If you’ve fried fish and then used the same oil for chicken, that’s almost certainly your answer. Fish compounds are potent and persistent in cooking oil. The flavor transfer is a one-way street: chicken fried in oil that previously cooked fish will taste fishy, but fish fried in chicken oil comes out fine. This is why restaurants typically maintain separate fryers for fish and poultry.

The same principle applies to pans, grills, and baking sheets. Residual fish oils can survive a quick wash and transfer to whatever you cook next. If you regularly prepare both fish and chicken, scrubbing cookware thoroughly with hot, soapy water between uses, or dedicating separate pans, eliminates the problem.

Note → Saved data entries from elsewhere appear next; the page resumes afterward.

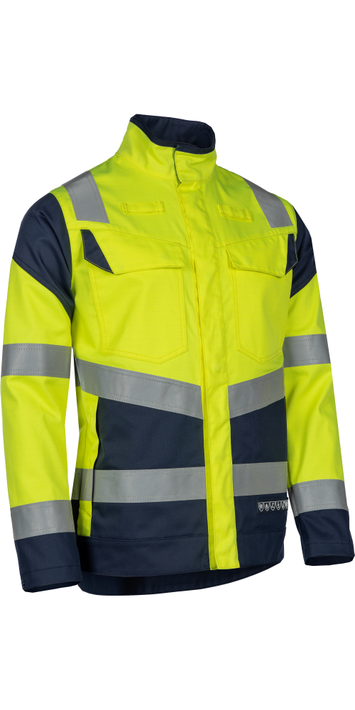 HI-VIS pánská bunda s ARC ochranou; je vyrobena z vysoce prodyšné a velmi lehké (260 g/m²) tkaniny s vynikajícími vlastnostmi regulující vlhkost; rovný límec; zapínání na skryté druky pod klopou; 2 našité náprsní kapsy s klopou zapínanou na skryté druky; 2 našité šikmé kapsy s klopou uzavrenou na skryté druky; 2 smycky pro detektory plynu; prodloužená záda; nehorlavé reflexní pruhy pres ramena, boky a rukávy
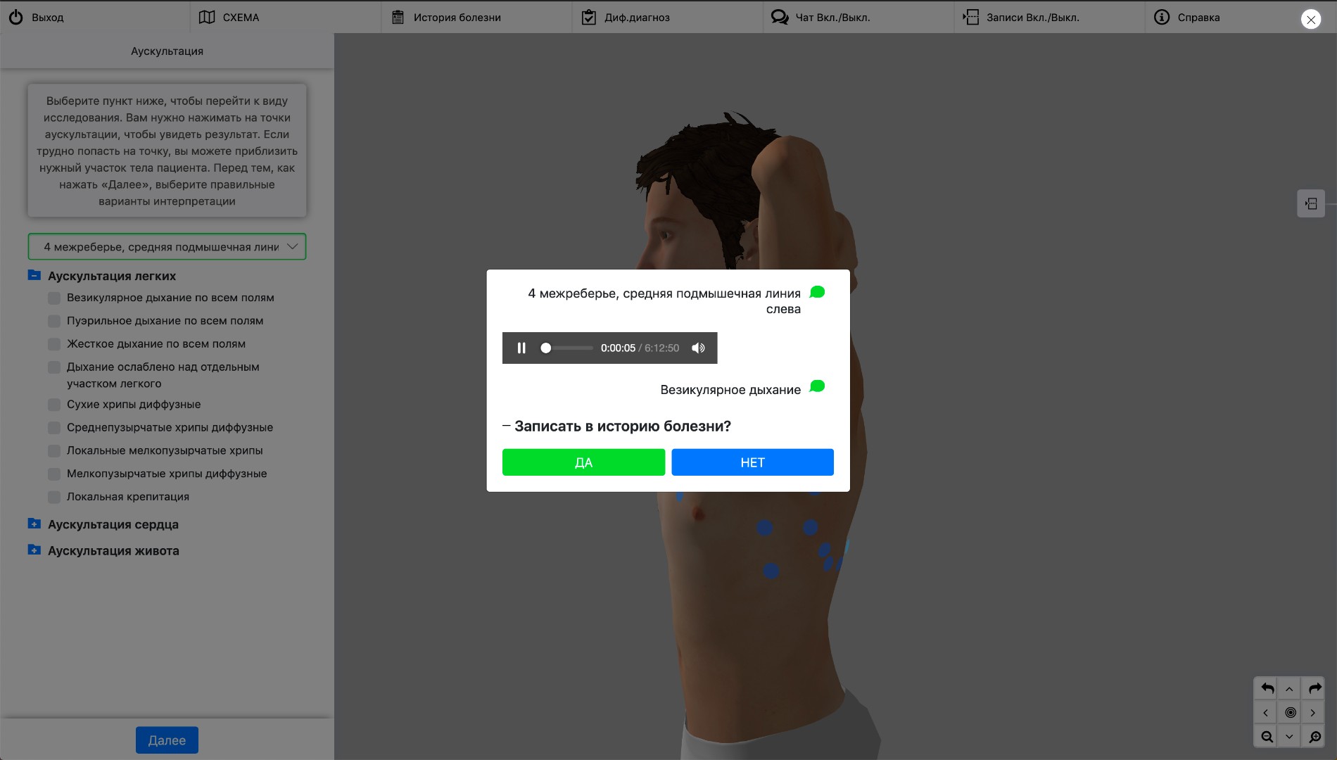 Пользователь имеет возможность указать на стандартные точки на теле ребенка, в которых необходимо провести пальпацию или перкуссию с последующим отображением результата на экране. Этап аускультации сопровождается воспроизведением соответствующих аудиофайлов для каждой выбранной точки.
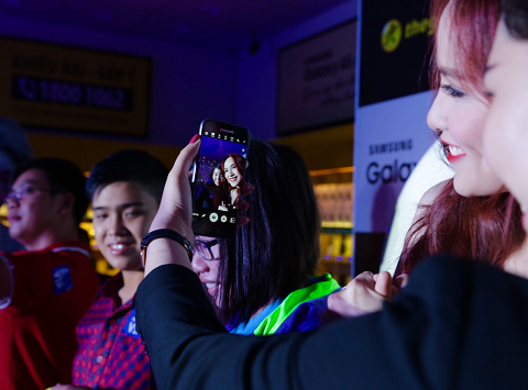 | Lan khuê thân thiện selfie cùng các khách hàng đầu tiên sở hữu siêu phẩm. |
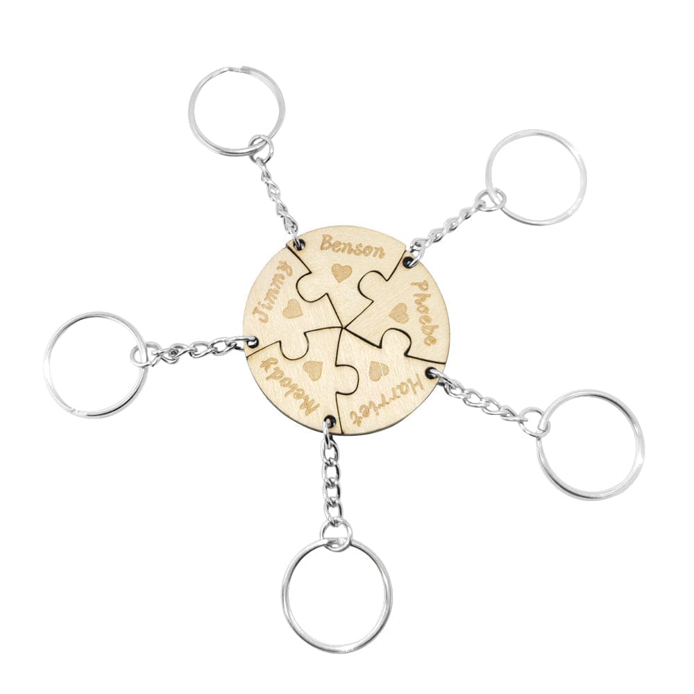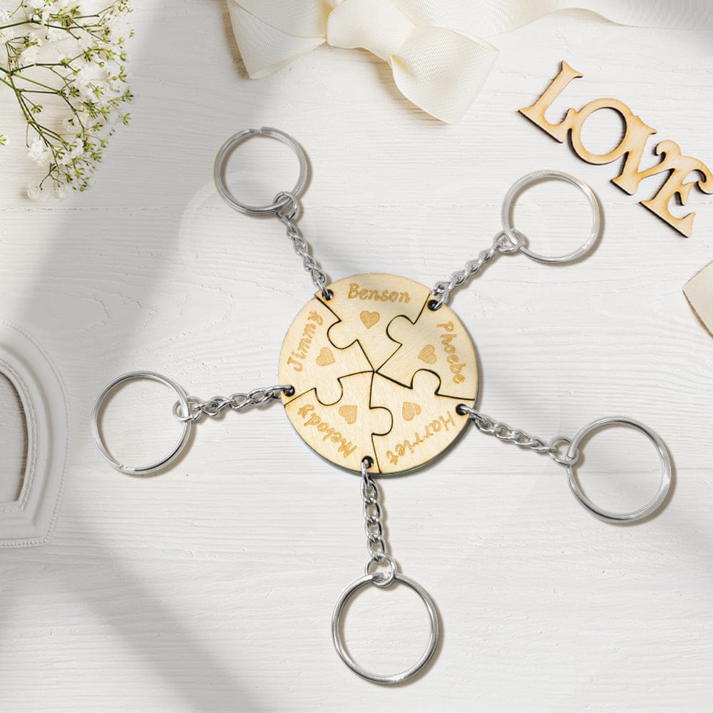 This is a lovely personalized keychain, including 5 puzzle parts keychains. Personalized your special keychain to your family. Carve your name on it. Take the keychain with you and you will feel connected to them. This will be the best gift for them on anniversaries, birthdays, etc.
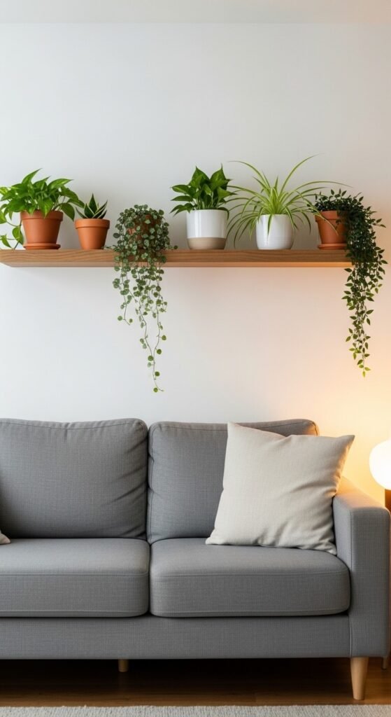 The wall above your sofa is prime display real estate that most people leave blank. A single long floating shelf gives you a perfect plant ledge. Arrange a mix of plants — some upright, some trailing. Keep trailing plants toward the edges so they cascade down around the sofa. This creates a natural, organic frame for your seating area. Use a mix of pot sizes and materials for visual interest. Install the shelf at ceiling height for maximum drama and an illusion of taller ceilings.
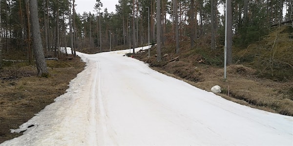 Snön börjar vid skogen, så gå på asfalten längs klubbhuset så ses vi på skidor för säsongens sista gemensamma Skidkulsuppvärmning!
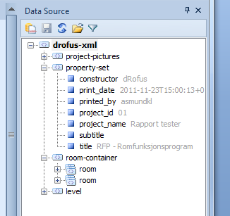 レポートをPublisherで作成する場合、最初に行わなければならないことは、データ・ソースを割り当てることです。データソースはdRofusのデータを含むXMLファイルです。
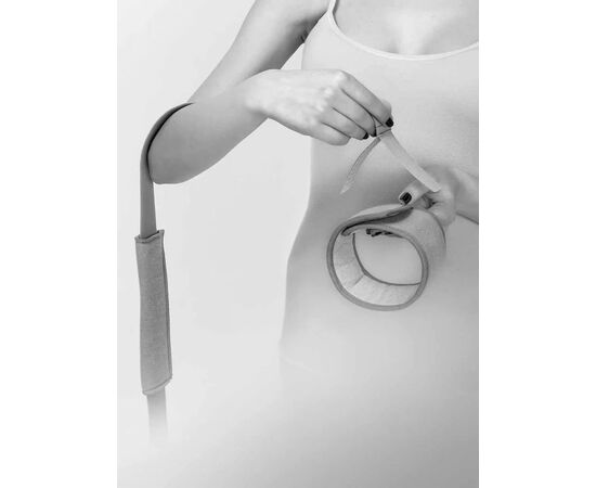 4. Протягніть плечовий бандаж через пряжку на браслеті та зафіксуйте його, приклеївши до себе на необхідну довжину.
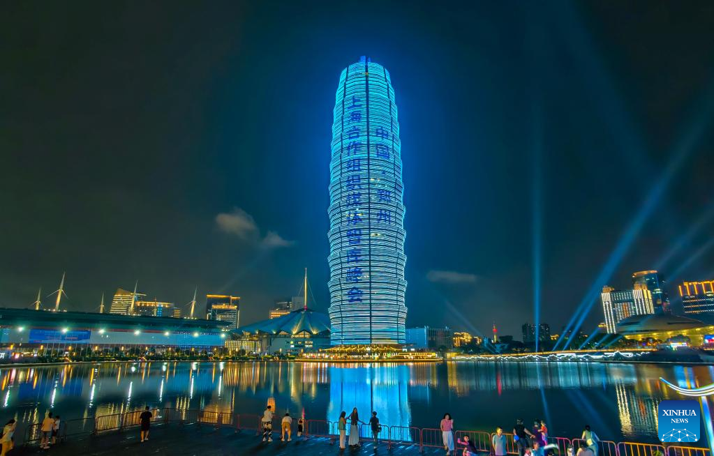 An illuminated building is pictured near the Zhengzhou International Convention and Exhibition Center, the venue of the Shanghai Cooperation Organization (SCO) Media and Think Tank Summit, in Zhengzhou, central China's Henan Province, July 23, 2025. Themed "Upholding the 'Shanghai Spirit' to Build a More Beautiful Home," the SCO Media and Think Tank Summit is held here from July 23 to 27. (Photo by Gu Yu/Xinhua)
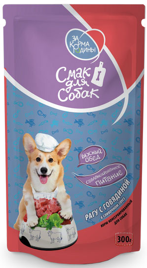 —ЗА КОРМА РОДИНЫ консер д/соб "Смак для собак. РАГУ с говядиной в сливочном соусе" 0,3 кг
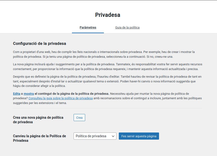 Galetes i configuració de privadesa
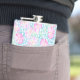 Joli Hip Flask, avec un motif de roses vives sur un arrière - plan bleu ciel, parsemé de petits papillons blancs. Faisant partie de la collection Posh & Painterly 'Summer Days', ce motif peut être ajusté pour s'adapter à n'importe quel flacon de hanche.
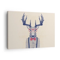 Bild auf Leinwand - Leinwandbild - Stilisierte Grafik eines Hirsches mit Brille und Fliege - 50x70cm - Eine lustige Extravaganz - Moderne Wanddekoration für Wohnzimmer und Schlafzimmer ARTTOR
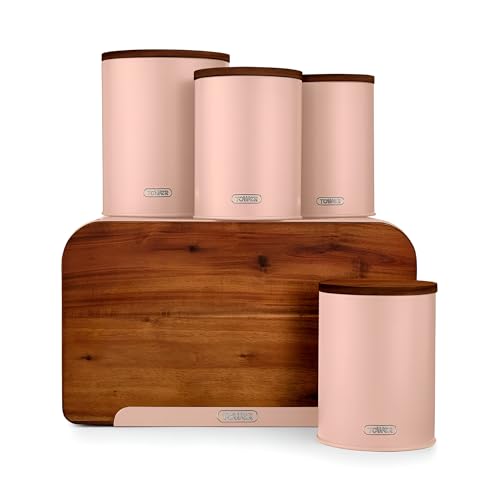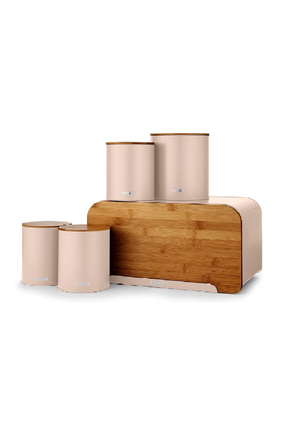 Tower T826140PCLY Scandi 5 Piece Acacia Wood Storage Set with Bread Bin, Biscuit Barrel, Canisters, Pink Clay
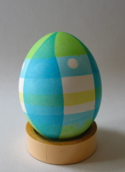 Decorate your egg using cotton string. Tape both ends to form handles, and get it wet before you dip it in the strong dye. Then let the kids wrap the string around the egg any way they want.
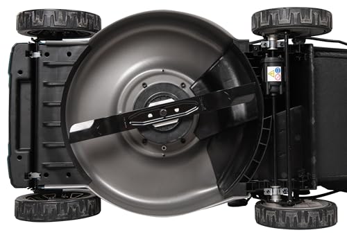 Das Design des Geräts ist nicht nur funktional, sondern auch ästhetisch ansprechend. Die Kombination aus Schwarz und Petrol verleiht dem Rasenmäher ein modernes Erscheinungsbild.
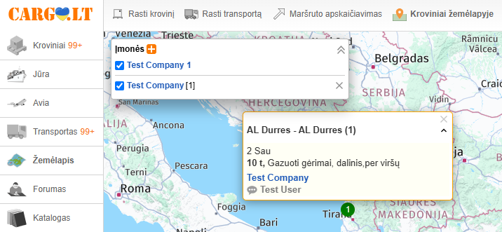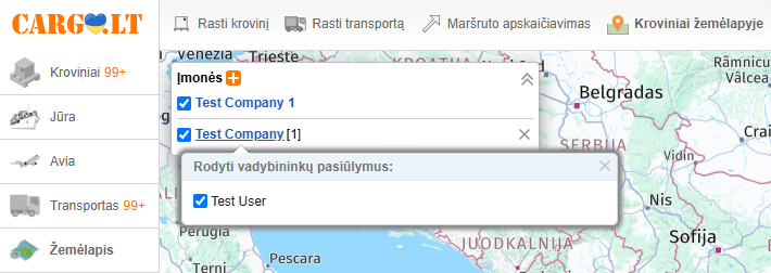 Ši funkcija yra naudinga vežėjams, dirbantiems su tam tikromis patikimomis įmonėmis arba krovinių ekspedijavimo įmonėms, turinčioms filialų įvairiuose miestuose, todėl galėsite pamatyti įmonės krovinius iš visų žemėlapio filialų.
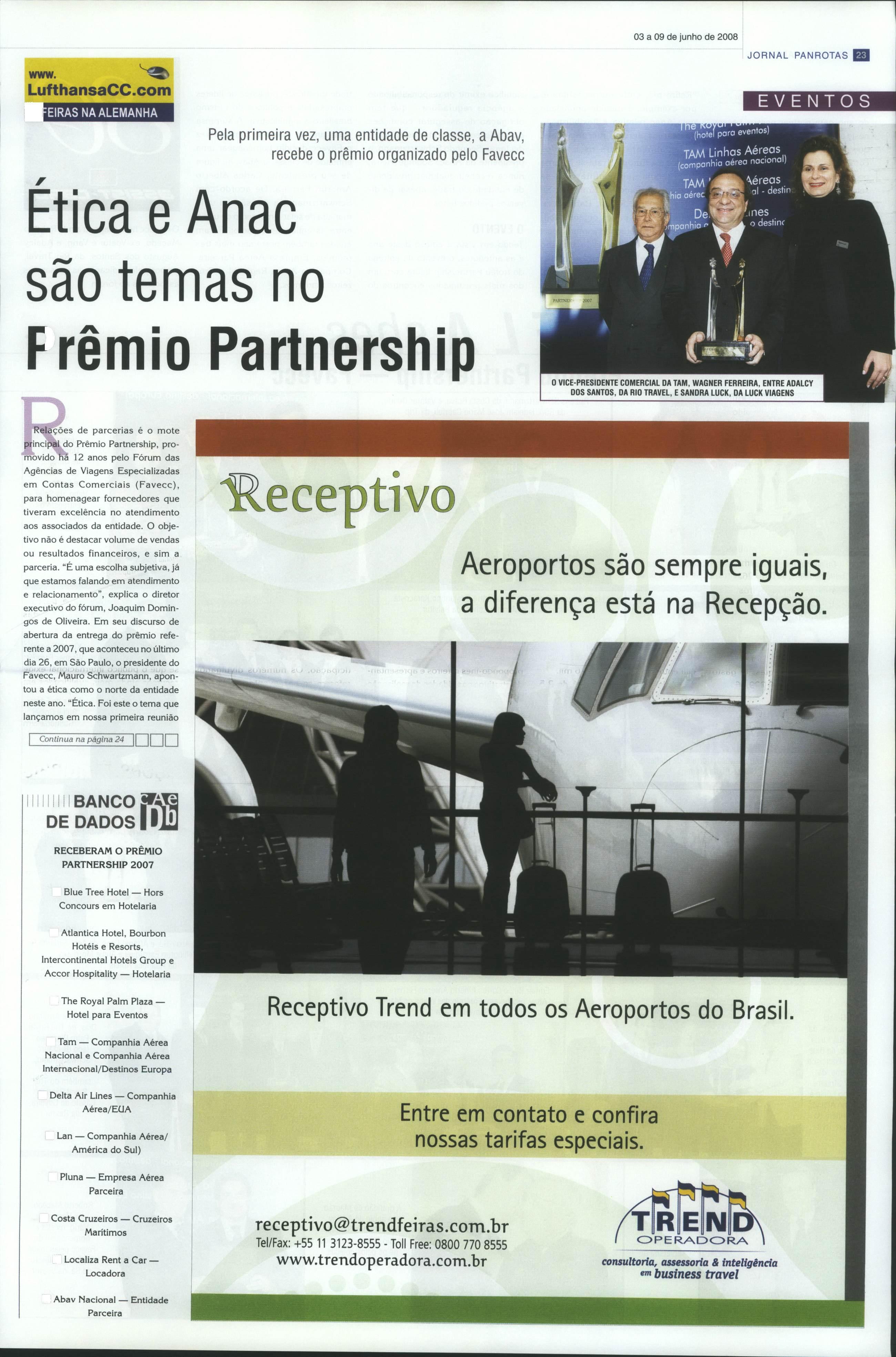 de Paulo Miranda, como executivo do ano. Bastante emocionado, agradeceu o apoio de Pauius e Patriani nesses seus seis anos de CVC. Também estiveram presentes os diretores Milton Sanches (CVC Cruzeiros), Salvador Guardino (presidente do Conselho Consultivo), Marcos Faria (diretor de TI), Cleyton Armelin (diretor comercial nacional e há22 anos naCVC),Rodolpfo Szabo (diretor comercial Cruzeiros) e João

How to Narrow Down the Cause

A few quick checks can help you figure out what’s going on with your chicken:

  • Raw chicken smells fishy. Check the sell-by date and how long it’s been refrigerated. If it’s been more than three days since purchase, spoilage bacteria are the likely cause. Discard it.
  • Frozen chicken tastes fishy after cooking. Fat rancidity from prolonged or poorly sealed freezer storage is the most common explanation. Try using chicken within two to three months of freezing and wrap it in airtight packaging.
  • Fresh chicken tastes fishy every time you buy a particular brand. The chicken’s diet or genetics are likely responsible. Switching brands or sourcing from a different producer usually solves it.
  • Chicken tastes fishy only when fried. Check whether the oil was previously used for fish, or whether the pan was used for fish earlier that day.

Rinsing raw chicken in cold water or soaking it briefly in a mild acidic solution like lemon juice or vinegar before cooking can reduce surface-level off-odors caused by minor bacterial activity or residual TMA. This won’t fix deeply rancid frozen chicken or genuinely spoiled meat, but it helps with borderline cases where the chicken is still within its safe window.